The collaborative work of the Travelers’ Lab seeks not only to bring historians together with computer science and data visualization experts, but also seeks to extend these forms of collaborative research into the classroom. We also believe that allowing students to do actual research provides some of the best classroom experiences at the undergraduate level. In the future, we hope to include both new courses and pedagogical materials or resources that can be used for the teaching of other courses. We also hope that these materials will provide inspiration for other undergraduate assignments and research projects.

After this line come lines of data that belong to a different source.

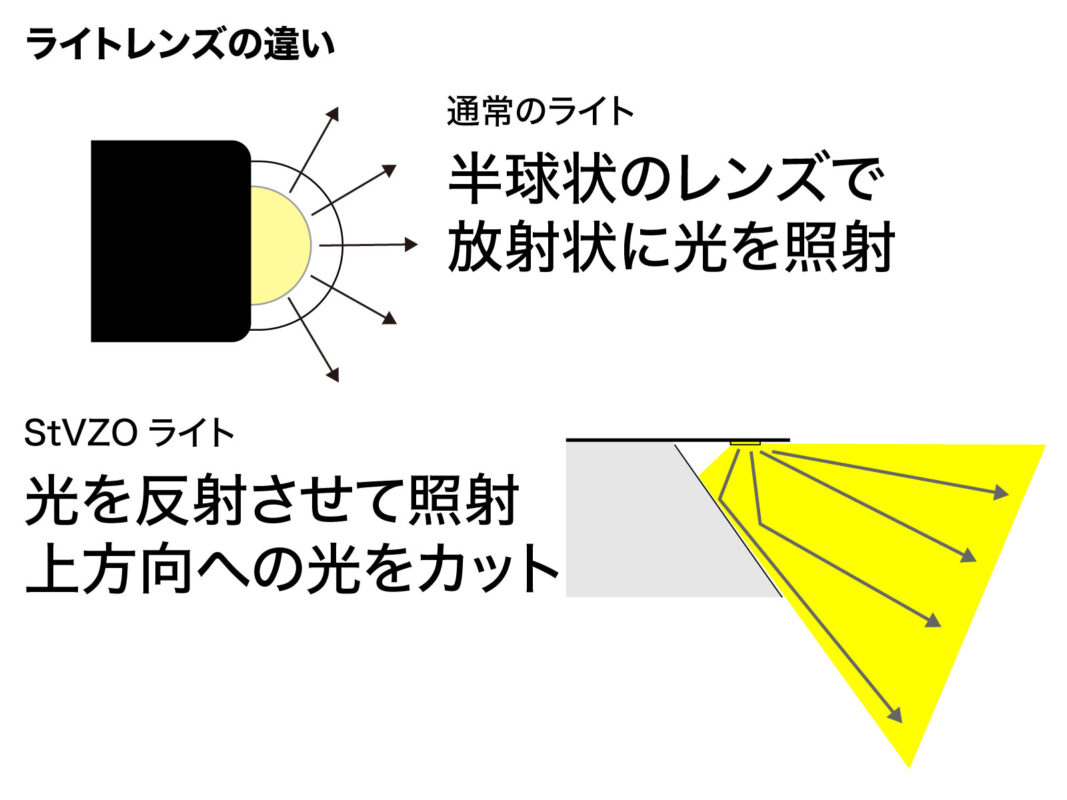 StVZOのライトは、上方向に光が向かないように光源の位置、照射角を調整しています。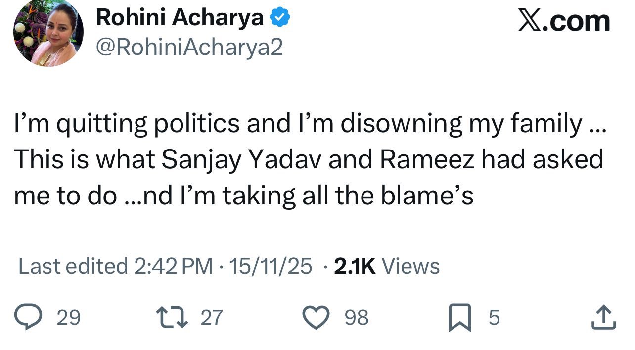 रोहिणी ने अपने पोस्ट में लिखा, “मैं राजनीति छोड़ रही हूँ और अपने परिवार से नाता तोड़ रही हूँ। संजय यादव और रमीज़ ने मुझसे यही करने को कहा था और मैं सारा दोष अपने ऊपर ले रही हूं।”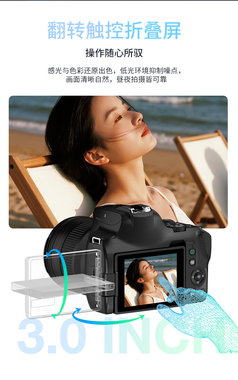 Фотография и Путешествия 7200W Пикселей Может Захватить Луну 4K Беззеркальная Складная Экранная Сенсорная Камера и Рекордер Все В Одном Начального Уровня SLR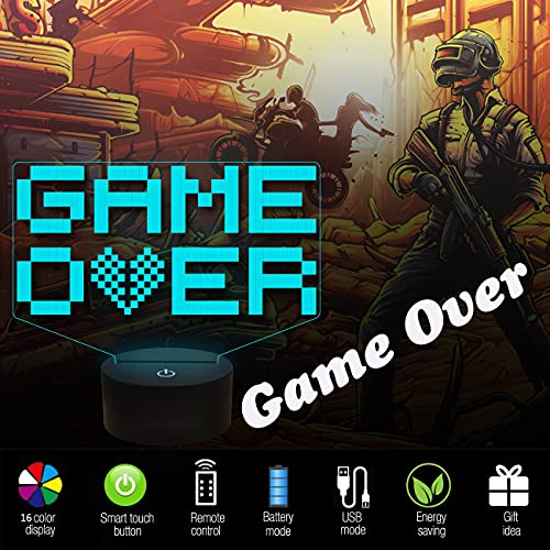 FULLOSUN Pixel Game Over Illusion Lamp, Gamepad 3D Night Light (4 modelli) con telecomando 16 RGB Cambiare colore Gaming Room Headset Decor miglior regalo giocatore

To date, there have been three courses specifically on the lines of the Travelers’ Lab. Starting in the fall of 2014, Professor Shaw taught a course looking at movement, travel, and communication in Europe titled, “The Acceleration of Europe: Mobility and Communication, 1000-1700.” The course introduced undergraduates to the methods and questions that the Travelers’ Lab focuses on and set the stage for a continuing interest in including undergraduates in the research and projects that we are working on today. In the Spring of 2015 Professor Torgerson taught “Re-imagining East and West: Constantinople” to explore the teaching of medieval history with a concentration on place, and deploying a project-based pedagogy. Then, in the fall of 2015 under the aegis of Wesleyan’s “Digital and Computational Knowledge” initiative, Professor Shaw taught a course in “Digital History.” Part of the goal of the course was to bring students together from computer science, statistics, history, and other disciplines to do the sort of work that can best be produced by a team with multiple skills. Some of those students have gone on to work with the QAC and with professor Shaw as research assistants. In spring 202o, Shaw is teaching a course on Travel and Communication in Europe. Professor Torgerson is teaching Constantinople: A Digital Archaeology of Medieval Rome.
Through interactions at the Wesleyan University GIS working group (hosted by Prof. Kim Diver), Shaw and Torgerson began to realize the possibilities, not only for more collaborative pedagogy and research projects, but for bringing the two “dimensions” of the academic vocation more in tune with each other. A c0nnection with Prof. Franklin-Lyons’ research on tracking the late medieval grain supply in the Western Mediterranean, and the possibilities opened up by Marlboro College’s highly collaborative pedagogical model brought the Traveler’s Lab into existence.